Need help with GPU memory issues

I have a loss function that requires multiple internal passes:

def my_loss_func(logits, sigma, labels, num_passes):
    total_loss = 0
    img_batch_size = logits.shape[0]
    logits_shape = list(logits.shape)
    vol_std = np.zeros((img_batch_size, num_passes))
    for fpass in range(num_passes):
        noise_array = torch.normal(mean=0.0, std=1.0, size=logits_shape, device=torch.device('cuda:0'))
        stochastic_output = logits + sigma * noise_array
        del noise_array
        temp_vol = torch.softmax(stochastic_output, dim=1)
        temp_vol = temp_vol[:, 0, ...]
        vol_std[:, fpass] = temp_vol.view(4, -1).sum(1).detach().cpu().numpy()
        del temp_vol
        exponent_B = torch.log(torch.sum(torch.exp(stochastic_output), dim=-1, keepdim=True))
        inner_logits = exponent_B - stochastic_output
        soft_inner_logits = labels * inner_logits
        total_loss += torch.exp(soft_inner_logits)
        del exponent_B, inner_logits, soft_inner_logits
    mean_loss = total_loss / num_passes
    actual_loss = torch.mean(torch.log(mean_loss))
    batch_std = np.std(vol_std, axis=1)
    return actual_loss, batch_std

Both logits and sigma are networks outputs and therefore have associated gradients. I run into memory issues when num_passes exceeds 50, are there any other ways in which I could fully optimise memory allocation to allow for a greater number of passes? I’m not at all concerned with readability/ ugly solutions, anything will do.

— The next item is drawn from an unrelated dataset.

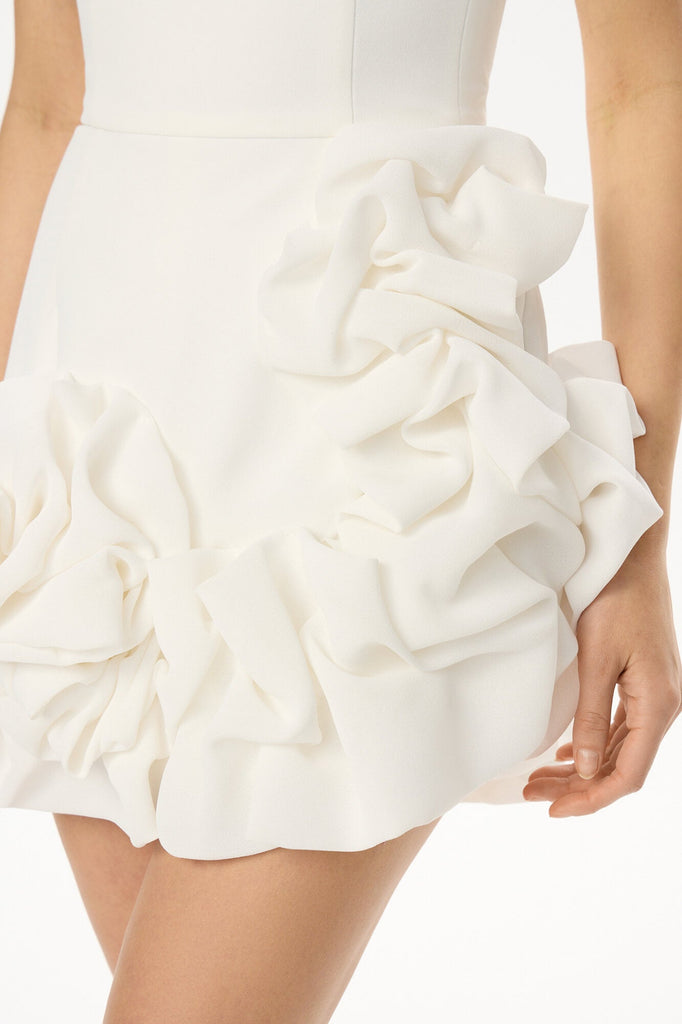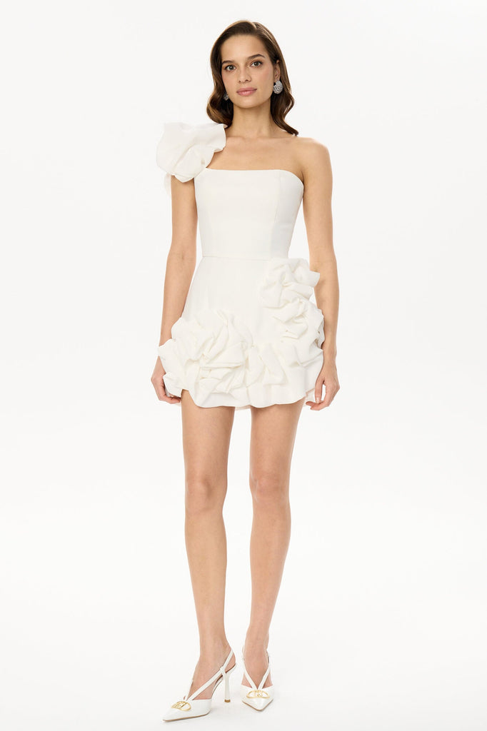 Marshmallow with sweetened coconut might accompany your coffee break or sunset prosecco glass. When we say we mean this exquisite bustier mini dress in milk. Flounce bottom and a one shoulder frill create a delightful and elegant vibe, the luxurious material and its noble shade make the attire absolutely stunning. Complete the outfit with fav heels and a little bag.

@PedsB, I am not exactly sure if this is the most efficient way to do the multiple internal passes but firstly have you checked for other running processes that are taking up the GPU memory?

Maybe, kill 'em all: kill -9 $(nvidia-smi | sed -n 's/|\s*[0-9]*\s*\([0-9]*\)\s*.*/\1/p' | sort | uniq | sed '/^$/d')

Secondly, the problem could be at this line of code: vol_std = np.zeros((img_batch_size, num_passes))

What’s your batch_size?

Maybe, use a smaller batch size.


Hi @YASJAY, I should’ve clarified: I’m running this job on a GPU cluster so I’m confident memory is completely free prior to job submission. My batch size cannot be changed at all, but it is fairly small, four.

My issue is that I quickly run out of memory, likely because of the total += torch.exp(soft_inner_logits) step; I believe that keeps piling on computation graphs on top of each other, using up a lot of memory. I was more looking for ways to re-write what I’ve done in a more memory-efficient way: E.g.: backpropagating in the loop to free up intermediary memory (Which unfortunately I can’t do in this case since the loss cannot be calculated until I’ve gone through N passes).